◆ DATA SEGMENT
-------------------------
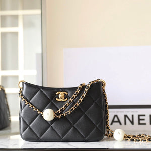 cc 24s hobo bag 19cm black lambskin pearl ball
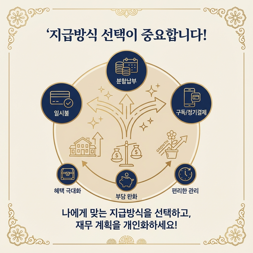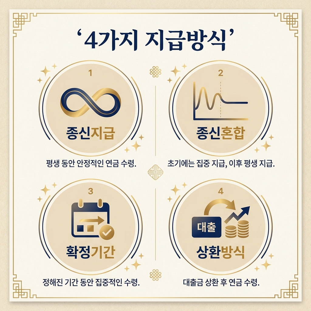 주택연금 수령액 계산에서 또 하나 중요한 선택이 바로 지급방식입니다. 한국주택금융공사는 다양한 지급방식을 제공하고 있으며, 각 방식마다 주택연금 수령액이 달라집니다. 본인의 노후 자금 필요 패턴에 맞춰 최적의 방식을 선택하는 것이 중요합니다.
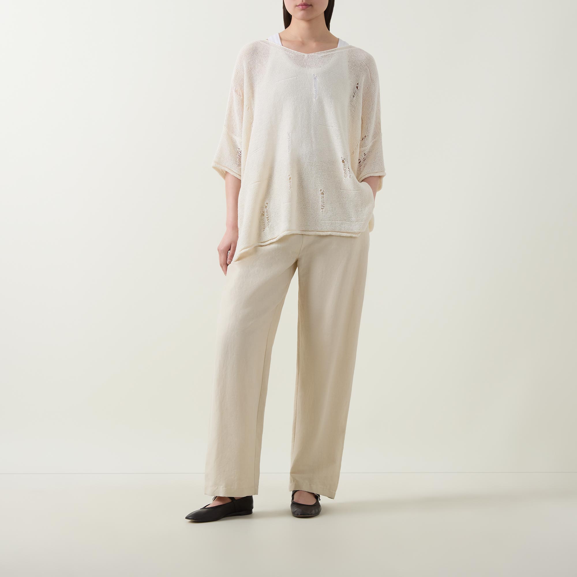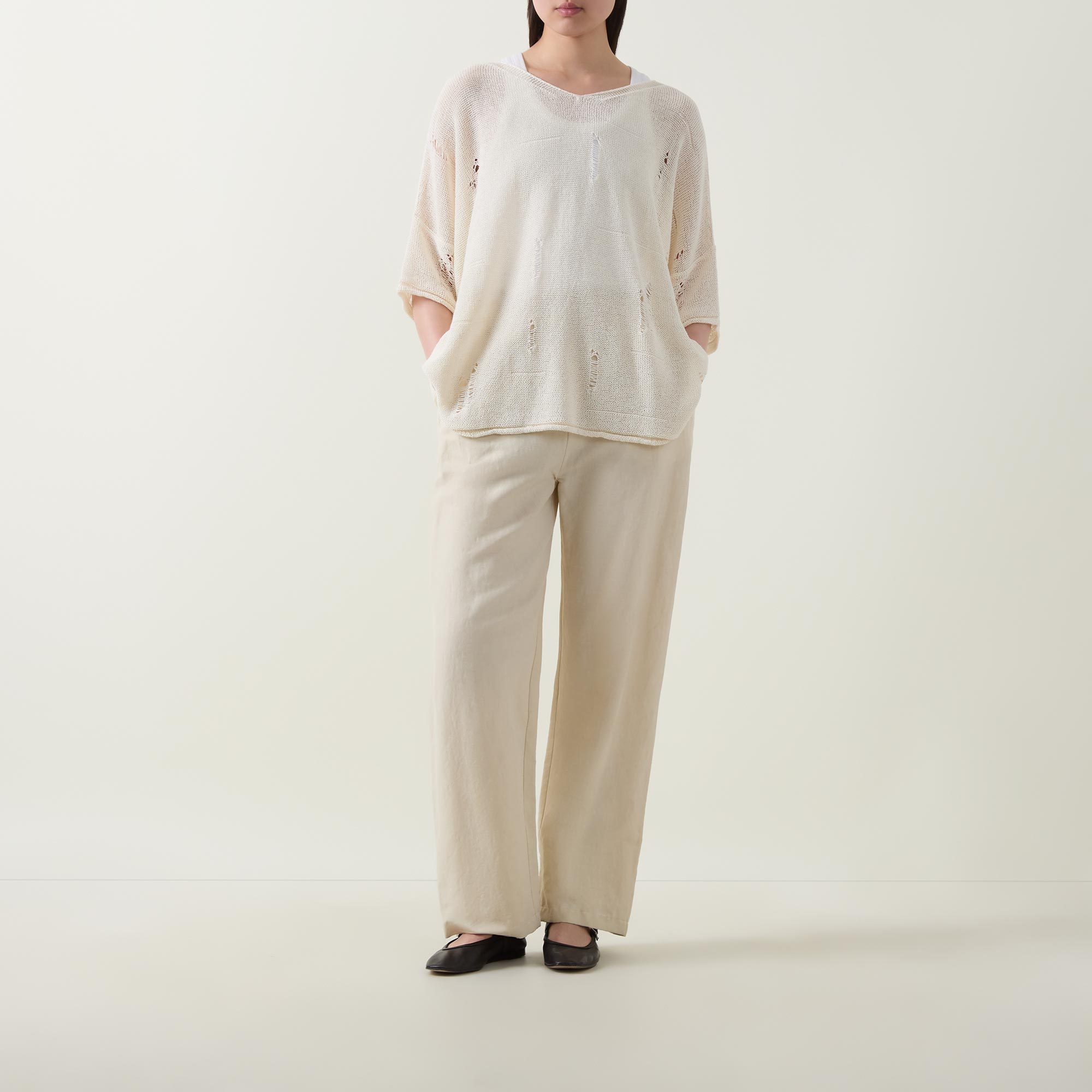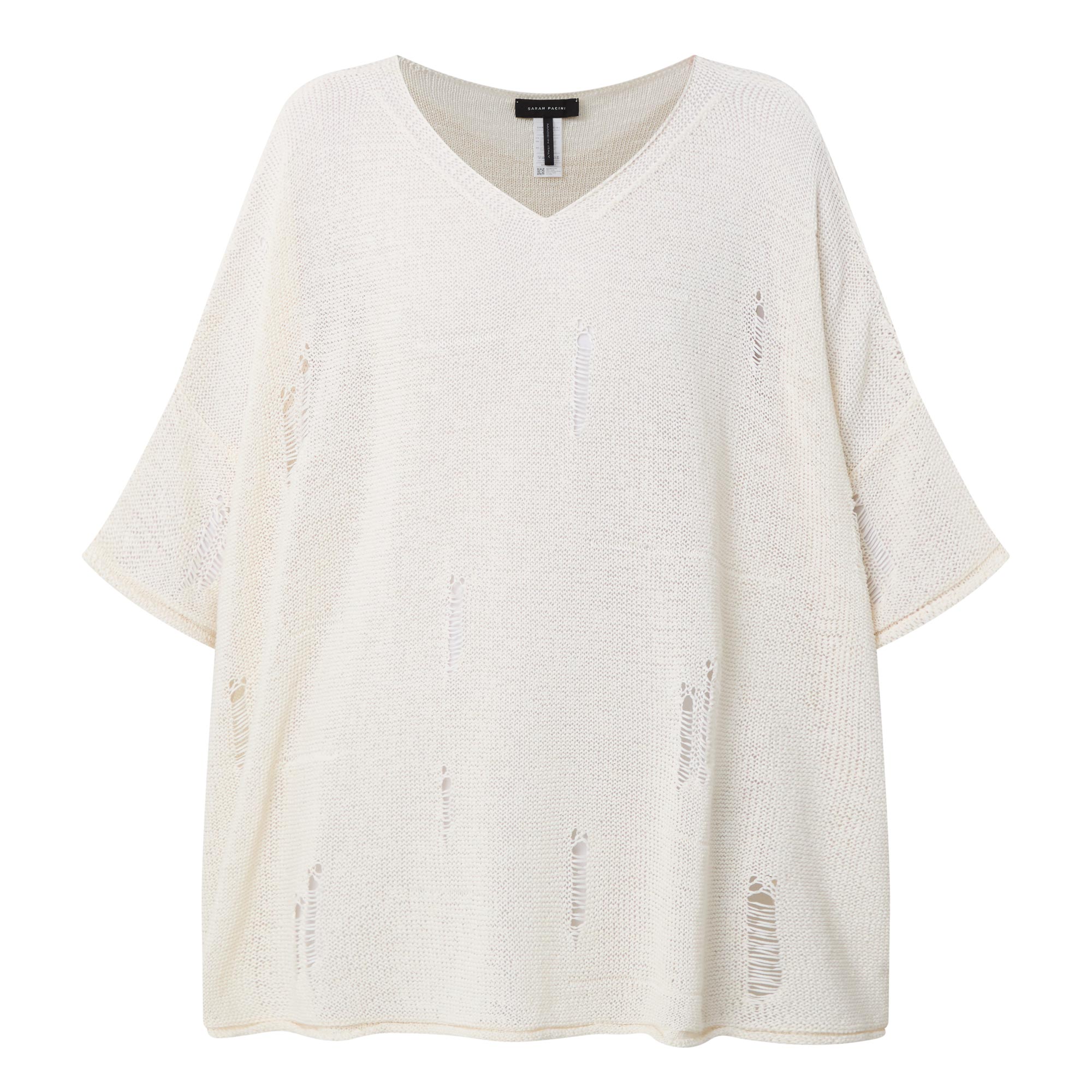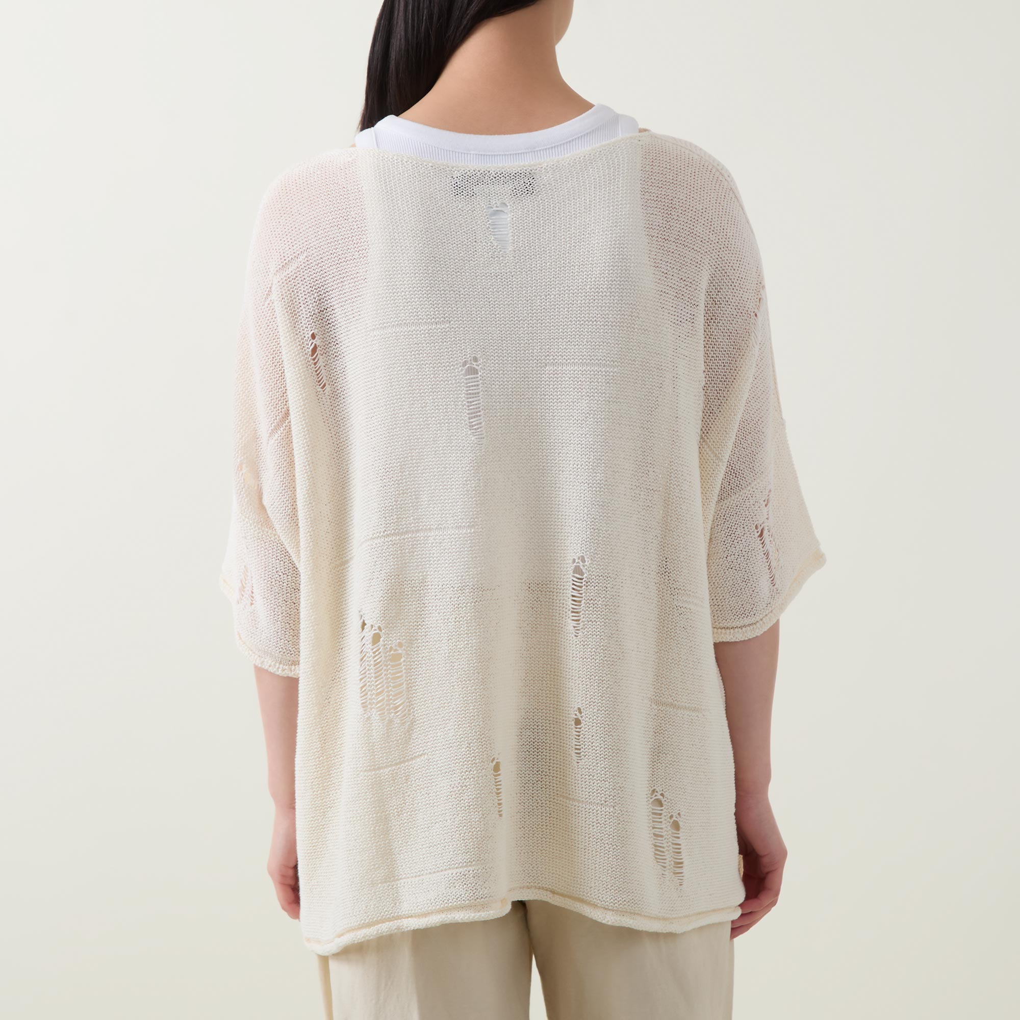 - V-neckline, dropped shoulders, elbow-length sleeves, rolled trims, fine knit structure, distressed details, unlined, sheer coverage
-------------------------
Without any pictures, repeat the listing exactly.

 cc 24s hobo bag 19cm black lambskin pearl ball
 주택연금 수령액 계산에서 또 하나 중요한 선택이 바로 지급방식입니다. 한국주택금융공사는 다양한 지급방식을 제공하고 있으며, 각 방식마다 주택연금 수령액이 달라집니다. 본인의 노후 자금 필요 패턴에 맞춰 최적의 방식을 선택하는 것이 중요합니다.
 - V-neckline, dropped shoulders, elbow-length sleeves, rolled trims, fine knit structure, distressed details, unlined, sheer coverage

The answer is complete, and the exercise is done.